The families are joined by a private practice pediatrician in rural Southeast Alabama and a clinical psychologist with the University of Alabama at Birmingham medical system--both of whom are also proceeding pseudonymously due to the risk of criminal prosecution--along with Rev. Paul Eknes-Tucker, senior pastor at Pilgrim United Church of Christ in Birmingham.
"S.B. 184 criminalizes effective, established medical treatment that is recognized as the standard of care in the medical field."
"As a minister, I counsel parents with transgender children about how best to love and support their children. Under S.B. 184, those conversations now come with a risk of criminal prosecution," Eknes-Tucker said. "This dangerous law is an unthinkable infringement on parental rights and the freedom of pastors and other faith leaders to counsel their own parishioners."
Dr.

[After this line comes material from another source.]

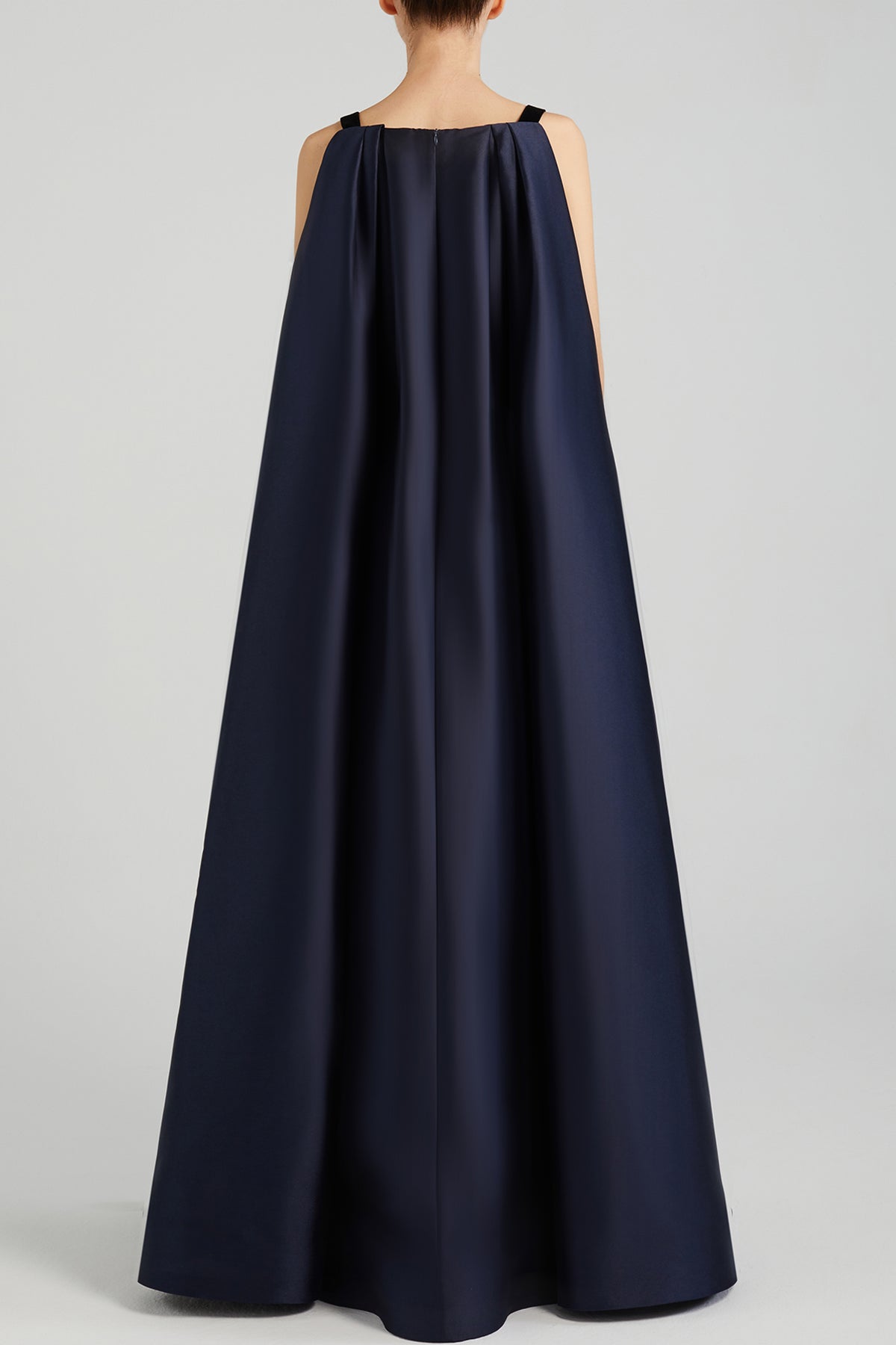 Navy one of our archival dress. Featuring a floor-grazing square neckline and a column silhouette accented velvet straps and a cape that brings the drama. Complemented with a mismatched crystal brooches adorn the side along the side slit.

Rachel Koe, the doctor in rural Southeast Alabama, pointed out that "parents come to me seeking trusted medical advice but under S.B. 184 both I and the parents consulting me are subject to a prison sentence for even discussing the best recommendations for supporting their children's health."
"S.B. 184 criminalizes effective, established medical treatment that is recognized as the standard of care in the medical field, including by the American Academy of Pediatrics and the American Medical Association," she added.
The plaintiffs are represented by Lightfoot, Franklin & White LLC, King & Spalding LLP, GLBTQ Legal Advocates & Defenders (GLAD), the National Center for Lesbian Rights (NCLR), the Southern Poverty Law Center (SPLC), and the Human Rights Campaign (HRC).
"Allowing S.B. 184 to go into effect will cause enormous stress and harm to families across Alabama," said Asaf Orr, senior staff attorney at NCLR and director of its Transgender Youth Project. "A state should not criminalize parents and doctors for following medical guidelines and providing needed medical treatments."